Topic: Fault-Tolerant Neuromorphic Computing on Nanoscale Crossbar Architectures

Introduction: In this talk, recent coding techniques are reviewed for protecting nano-scale crossbar architectures against faults and computational errors. Two computational paradigms are considered: exact computation over the integers, and approximate computation over the reals.

Presenter: Anxiao (Andrew) Jiang (Texas A&M University)

Topic: Symbolic Regression for Data Storage with Side Information

Introduction: There are various ways to use machine learning to improve data storage techniques. In this talk, we introduce symbolic regression, a machine-learning method for recovering the symbolic form of a function from its samples. We present a new symbolic regression scheme that utilizes side information for higher accuracy and speed in function recovery. The scheme enhances latest results on symbolic regression that were based on recurrent neural networks and genetic programming. The scheme is tested on a new benchmark of functions for data storage.

Presenter: Rawad Bitar (Technical University of Munich)

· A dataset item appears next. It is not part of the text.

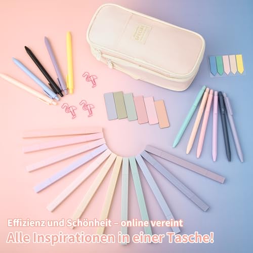 • 💡【ALL-IN-ONE Schreibwaren Set】Dieses Schulsachen alles, was Sie zum Lernen und Arbeiten benötigen: 1 faltbares süßes mäppchen, 12 pastellfarbene Doppelspitz-Textmarker, 5 Gelstifte mit 10 Nachfüllern, 6 druckbleistifte mit 0.5mm & 0.7mm Minen, 2 jelly Radiergummis, 8 charmante Cartoon-Aufkleber, 6 magnetische Lesezeichen, 5 kleine Haftnotizen und 1 quadratische Haftnotiz sowie 8 Flamingo-förmige Büroklammern. Ein multifunktionales Set für Schule und Büro!

Topic: Efficient Private Storage of Sparse Machine Learning Data

Introduction: We consider the problem of maintaining sparsity in private distributed storage of confidential machine learning data. In many applications, e.g., face recognition, the data processed in machine learning algorithms is represented by sparse matrices which can be stored and processed efficiently. However, mechanisms maintaining perfect information-theoretic privacy require encoding the sparse matrices into randomized dense matrices. It has been shown that, under some restrictions on the storage nodes, sparsity can be maintained at the expense of relaxing the perfect information-theoretic privacy requirement, i.e., allowing some information leakage. In this work, we lift the restrictions imposed on the storage nodes and show that there exists a trade-off between sparsity and the achievable privacy guarantees. We focus on the setting of non-colluding nodes and construct a coding scheme that encodes the sparse input matrices into matrices with the desired sparsity level while limiting the information leakage.

Presenter: Eitan Yaakobi (Technion)

Topic: The Zero Cubes Free and Cubes Unique Multidimensional Constraints

Introduction: This work studies two families of constraints for two-dimensional and multidimensional arrays. The first family requires that a multidimensional array will not contain a cube of zeros of some fixed size and the second constraint imposes that there will not be two identical cubes of a given size in the array. These constraints are natural extensions of their one-dimensional counterpart that have been rigorously studied recently. For both of these constraints we present conditions of the size of the cube for which the asymptotic rate of the set of valid arrays approaches 1 as well as conditions for the redundancy to be at most a single symbol. For the first family we present an efficient encoding algorithm that uses a single symbol to encode arbitrary information into a valid array and for the second family we present a similar encoder for the two-dimensional case. The results in the paper are also extended to similar constraints where the sub-array is not necessarily a cube, but a box of arbitrary dimensions and only its volume is bounded.